Re: [PATCH V2 0/6] Memory compaction efficiency improvements

From: Joonsoo Kim
Date: Thu Dec 12 2013 - 01:15:15 EST


On Wed, Dec 11, 2013 at 11:24:31AM +0100, Vlastimil Babka wrote:
> Changelog since V1 (thanks to the reviewers!)
> o Included "trace compaction being and end" patch in the series (mgorman)
> o Changed variable names and comments in patches 2 and 5 (mgorman)
> o More thorough measurements, based on v3.13-rc2
>
> The broad goal of the series is to improve allocation success rates for huge
> pages through memory compaction, while trying not to increase the compaction
> overhead. The original objective was to reintroduce capturing of high-order
> pages freed by the compaction, before they are split by concurrent activity.
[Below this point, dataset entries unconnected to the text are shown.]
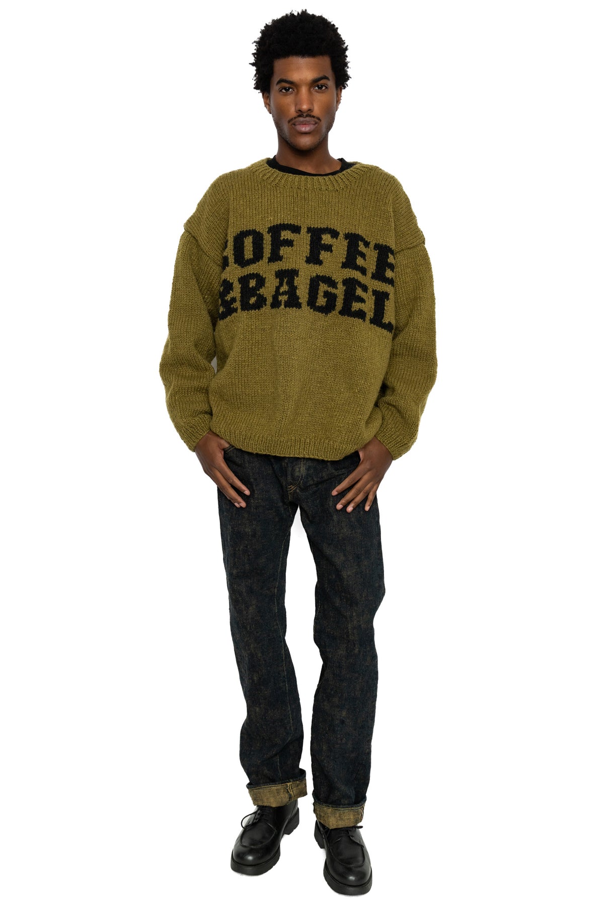 Handmade "Coffee & Bagel" Crewneck Knit - Olive
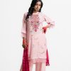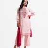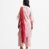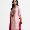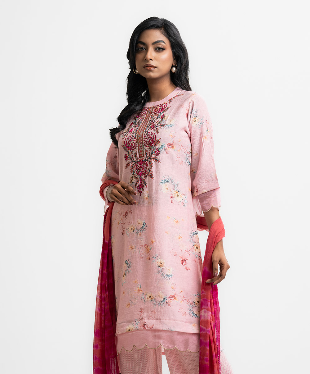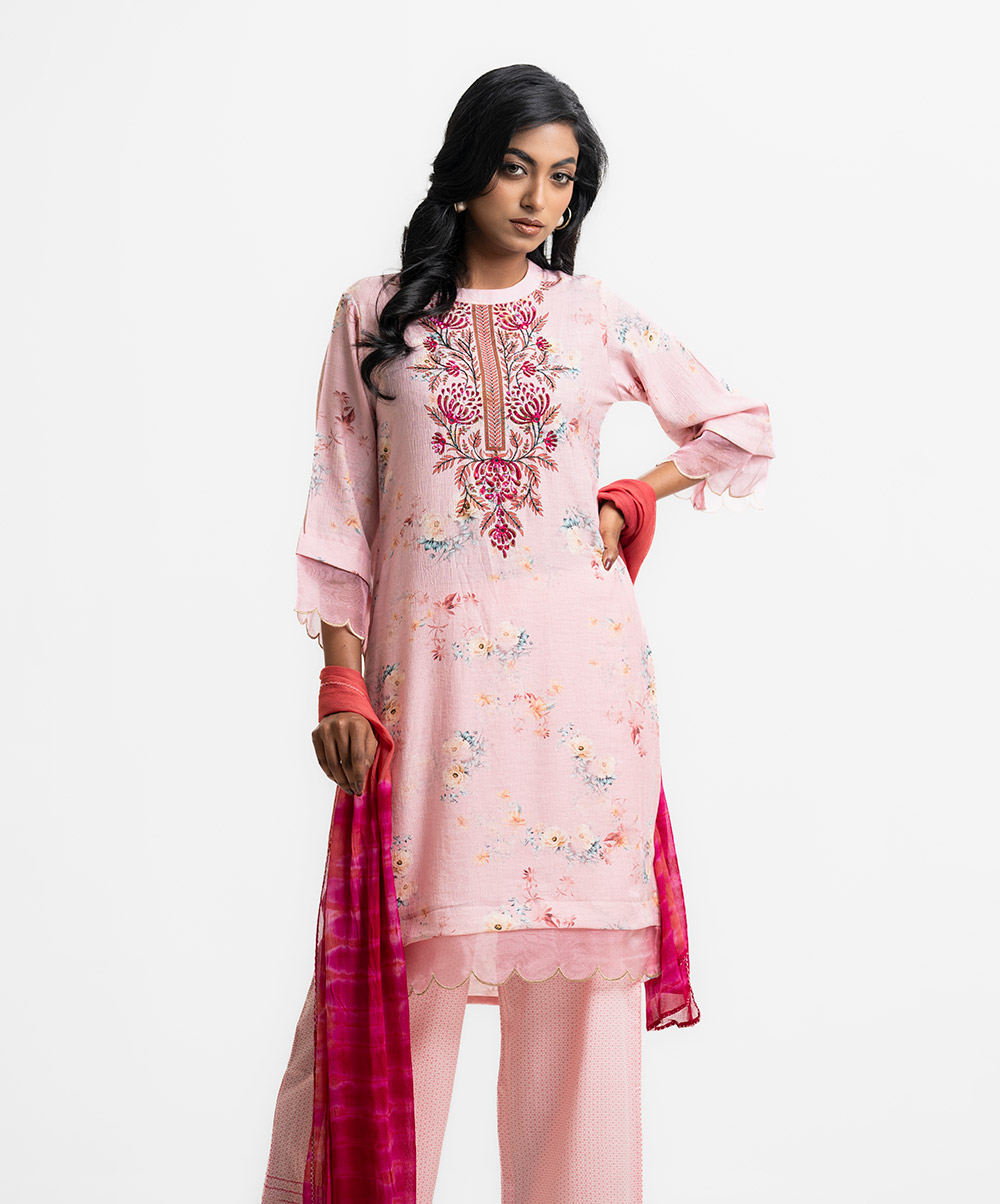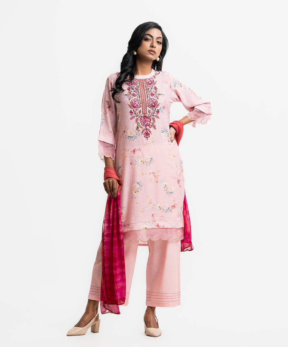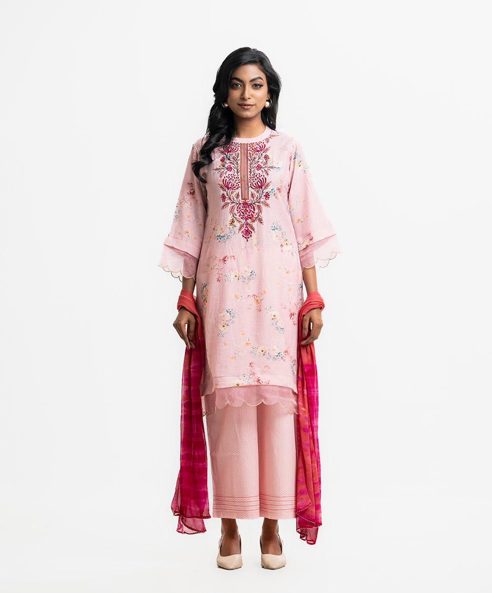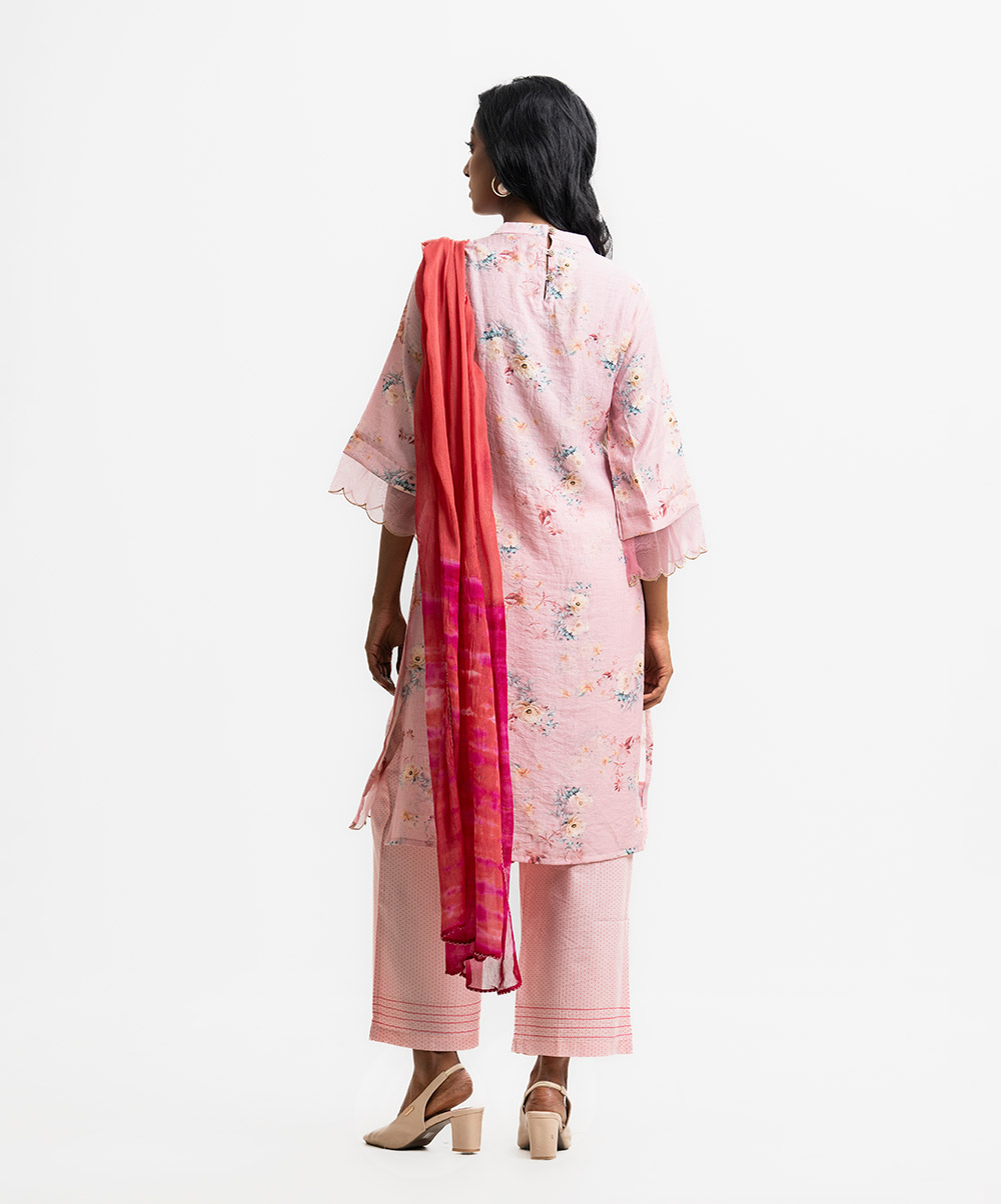 Women’s printed salwar kameez in cotton-blended fabric. Mock neck, muslin patch at bell sleeves cuff & hemline, heavy karchupi at the front of kameez. Chiffon dupatta with palazzo pants.
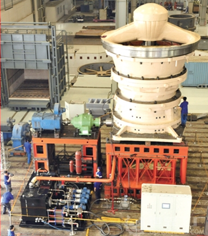 我公司生產(chǎn)的旋回破碎機(jī)均為液壓支承結(jié)構(gòu)。破碎機(jī)啟動前,首先打開油泵向缸內(nèi)充油,當(dāng)破碎圓錐上升到工作位置后,關(guān)閉截止閥,同時停止油泵。這種結(jié)構(gòu)的破碎機(jī)可方便地調(diào)整排礦口尺寸,使用戶獲得滿意的產(chǎn)品粒度和產(chǎn)量。當(dāng)非破碎物落入破碎腔時造成破碎力增加,系統(tǒng)油壓也隨之增高,油缸內(nèi)的油被壓入蓄能器中,從而使破碎圓錐下降,排礦口增大,排除非破碎物。非破碎物排出后,在蓄能器的作用下,油經(jīng)單向節(jié)流閥比較緩慢地壓入油缸中,從而使破碎圓錐很平穩(wěn)地自動復(fù)位。當(dāng)非破碎物尺寸過大不能通過排礦口排出時,系統(tǒng)油壓繼續(xù)升高達(dá)電接點(diǎn)壓力表調(diào)定值時,控制系統(tǒng)可自動停止主電機(jī),以保證設(shè)備安全。
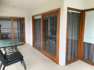 Multiple sliding doors access the semi wrap around tiled outdoor deck.
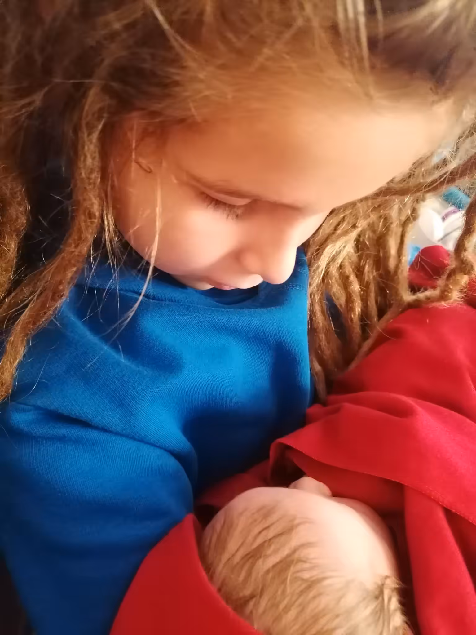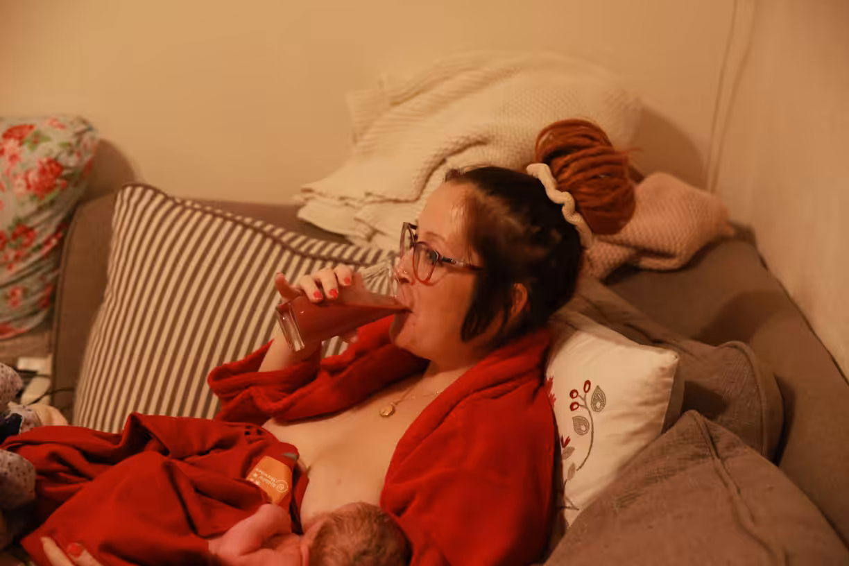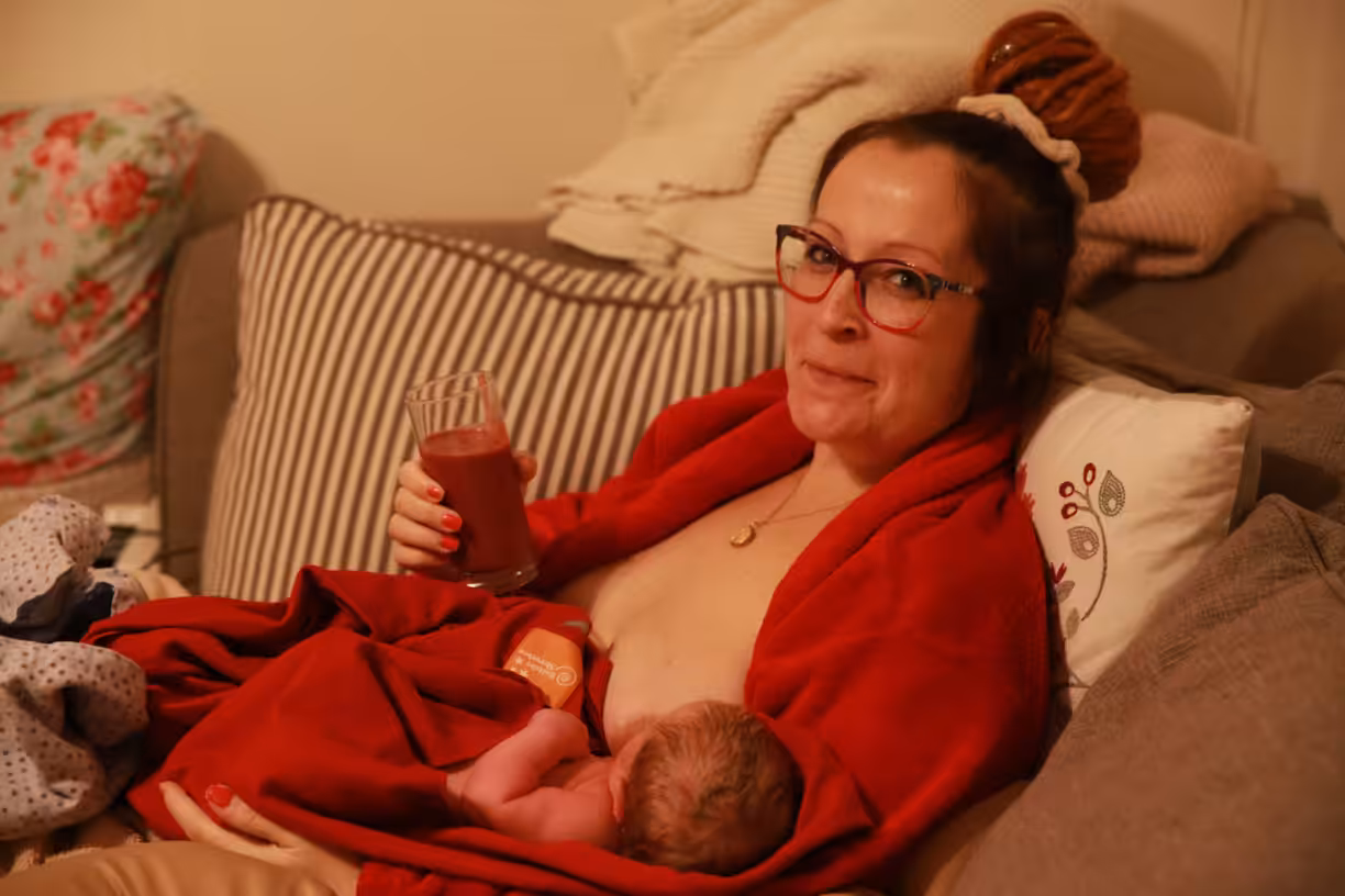 Nun sind wir gemütlich eingekuschelt auf der Couch und stillen direkt ganz ohne Problem. Ich freue mich so sehr, dass wir diese heilige Zeit nun genießen können, so wie es bei Mattis auch hätte sein sollen. Und Mattis stillt auch mit, Tandemstillen wollt ich ja unbedingt auch „schaffen“, bevor Mattis sich irgendwann abstillt. Und diesmal klappt auch endlich die Lotusgeburt, sprich die Plazenta bleibt dran. Inge hat sie erstmal in einige Mülltücher gepackt. Sie hat uns auch ihre Waage dagelassen, um Luca direkt noch zu wiegen. Am Abend kommt sie wieder und bereitet mir zusammen mit Chris in der Küche aus einem Teil der Planzenta einen Beeren-Plazenta-Smoothie vor, den sie auch direkt probiert. Stellt sich heraus, dass sie das immer macht – jetzt weiß ich, warum sie so frisch und fesch ist trotz ihres Alters 🙂 Wir lachen viel , ein schöner erster Abend.Den restlichen Smoothie gefrieren wir in Eiswürfelbehältern ein, um immer mal wieder einen zu lutschen. Emma ist auch ganz interessiert und probiert auch.
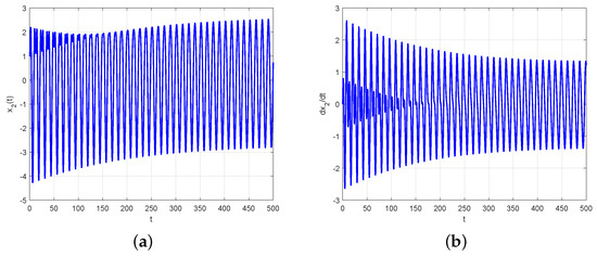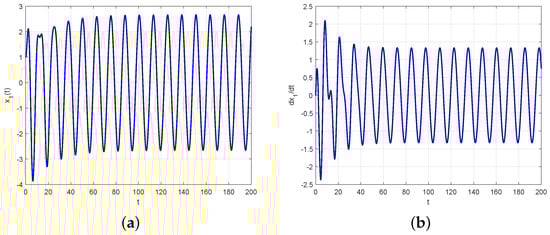This example is simulated using MATLAB based on the provided parameters. Figures 1a, 4a and 7a display the three state trajectories representing the anti-periodic solution for the CGNNS system. These trajectories correspond to the same initial values, , respectively. Additionally, we confirm the satisfaction of the conditions stated in Theorem 1. As a result, the system in the given example possesses a unique -anti-periodic solution, and all other solutions exhibit exponential convergence towards it as .

> However, several bugs and opportunities for simple improvements were found in
> the current implementation, mostly through extra tracepoints (which are however
> too ugly for now to be considered for sending).
>
> The patches mostly deal with two mechanisms that reduce compaction overhead,
> which is caching the progress of migrate and free scanners, and marking
> pageblocks where isolation failed to be skipped during further scans.
>
> Patch 1 (from mgorman) adds tracepoints that allow calculate time spent in
> compaction and potentially debug scanner pfn values.
>
> Patch 2 encapsulates the some functionality for handling deferred compactions
> for better maintainability, without a functional change
> type is not determined without being actually needed.
>
> Patch 3 fixes a bug where cached scanner pfn's are sometimes reset only after
> they have been read to initialize a compaction run.
>
> Patch 4 fixes a bug where scanners meeting is sometimes not properly detected
> and can lead to multiple compaction attempts quitting early without
> doing any work.
>
> Patch 5 improves the chances of sync compaction to process pageblocks that
> async compaction has skipped due to being !MIGRATE_MOVABLE.
>
> Patch 6 improves the chances of sync direct compaction to actually do anything
> when called after async compaction fails during allocation slowpath.
>
> The impact of patches were validated using mmtests's stress-highalloc benchmark
> with mmtests's stress-highalloc benchmark on a x86_64 machine with 4GB memory.
>
> Due to instability of the results (mostly related to the bugs fixed by patches
> 2 and 3), 10 iterations were performed, taking min,mean,max values for success
> rates and mean values for time and vmstat-based metrics.
>
> First, the default GFP_HIGHUSER_MOVABLE allocations were tested with the patches
> stacked on top of v3.13-rc2. Patch 2 is OK to serve as baseline due to no
> functional changes in 1 and 2. Comments below.
>
> stress-highalloc
> 3.13-rc2 3.13-rc2 3.13-rc2 3.13-rc2 3.13-rc2
> 2-nothp 3-nothp 4-nothp 5-nothp 6-nothp
> Success 1 Min 9.00 ( 0.00%) 10.00 (-11.11%) 43.00 (-377.78%) 43.00 (-377.78%) 33.00 (-266.67%)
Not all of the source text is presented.